**WHAT IS BEING ASKED:**
Your answer should be the lines from the one with "What is the" to the end of the data below, both included, exact and free of pictures.

**STORED DATA:**
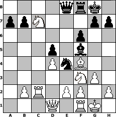 game notation in PGN-format [Event "MySchachOpen"] [Site "www.myChess.de"] [Date "2005.01.22"] [Round "1"] [White "icke"] [Black "Bernd"] [ECO "A06"] [WhitemyELO "1242"] [BlackmyELO "1382"] [Result "1-0"] [TimeControl "10/2592000"] [WhiteDays "56"] [BlackDays "00"] [MyChessNo "9851"] 1. Nf3 d5 2. d4 Nf6 3. Nc3 Nc6 4. Bf4 e6 5. g3 Bb4 6. a3 Ne4 7. axb4 Nxb4 8. Bh3 f6 9. O-O O-O 10. Nb5 Qd7 11. Bxe6+ Qxe6 12. Nxc7 Qc6 13. Nxa8 Nxc2 14. Rc1 Bf5 15. Rxc2 Qe8 16. Nc7 1-0 position notation in FEN-format 4qrk1/ppN3pp/5p2/3p1b2/3PnB2/5NP1/1PR1PP1P/3Q1RK1 - - - 2 16 Captured white pieces: Captured black pieces: Click on a captured piece in order to display the desired move!
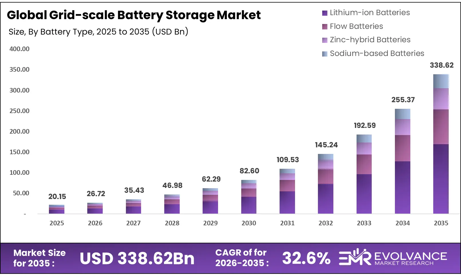 What is the Grid-scale Battery Storage Market Size? The Global Grid-scale Battery Storage Market size will be worth around USD
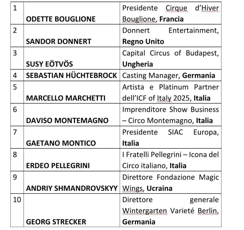 Sono vere “Stelle del Circo” le personalità chiamate a far parte della prestigiosa Giuria Tecnica Internazionale che dovrà assegnare gli ambiti premi della quarta edizione dell’Italian Circus Talent Festival: sono figure note a chiunque si occupi di Circo poiché coinvolte ai massimi livelli nel panorama dell’imprenditorialità, dell’arte o delle politiche di settore. Per i giovani artisti ammessi alla competizione, esibirsi di fronte alla Giuria Tecnica Internazionale può rappresentare una straordinaria opportunità per il proprio futuro artistico e lavorativo.
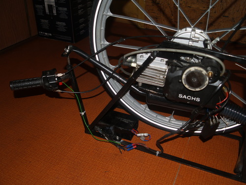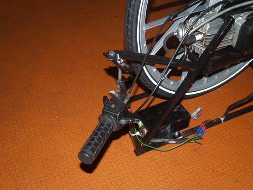 Zunächst habe ich einen Lenker gekürzt und ihn an den vorhandenen Prüfstand angeschweißt. Nun kann ich "richtig" Gas geben. Auch habe ich einen Starterknopf für nden Estarter biund eine Startelektronik angebracht.
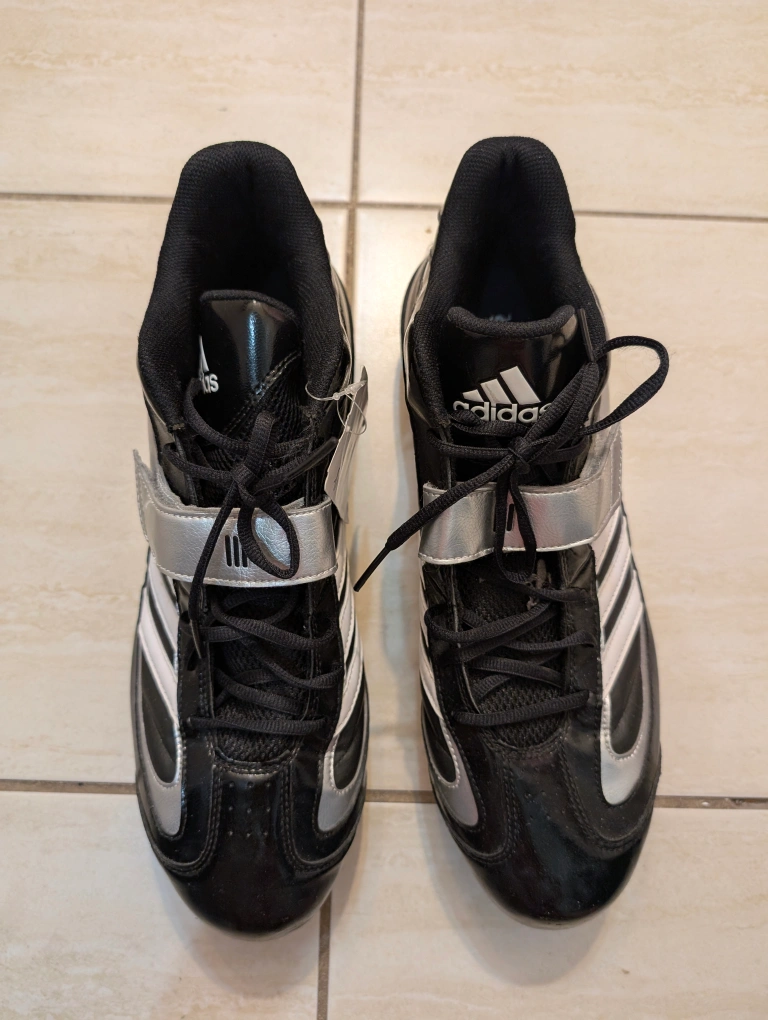 Selling a pair of brand new Adidas University Mid Football Cleats shoes in black and silver. They have the classic Adidas stripes and a strap for a secure fit. Great for athletic activities!

**WRITTEN SOLUTION:**
 What is the Grid-scale Battery Storage Market Size? The Global Grid-scale Battery Storage Market size will be worth around USD
 Sono vere “Stelle del Circo” le personalità chiamate a far parte della prestigiosa Giuria Tecnica Internazionale che dovrà assegnare gli ambiti premi della quarta edizione dell’Italian Circus Talent Festival: sono figure note a chiunque si occupi di Circo poiché coinvolte ai massimi livelli nel panorama dell’imprenditorialità, dell’arte o delle politiche di settore. Per i giovani artisti ammessi alla competizione, esibirsi di fronte alla Giuria Tecnica Internazionale può rappresentare una straordinaria opportunità per il proprio futuro artistico e lavorativo.
 Zunächst habe ich einen Lenker gekürzt und ihn an den vorhandenen Prüfstand angeschweißt. Nun kann ich "richtig" Gas geben. Auch habe ich einen Starterknopf für nden Estarter biund eine Startelektronik angebracht.
 Selling a pair of brand new Adidas University Mid Football Cleats shoes in black and silver. They have the classic Adidas stripes and a strap for a secure fit. Great for athletic activities!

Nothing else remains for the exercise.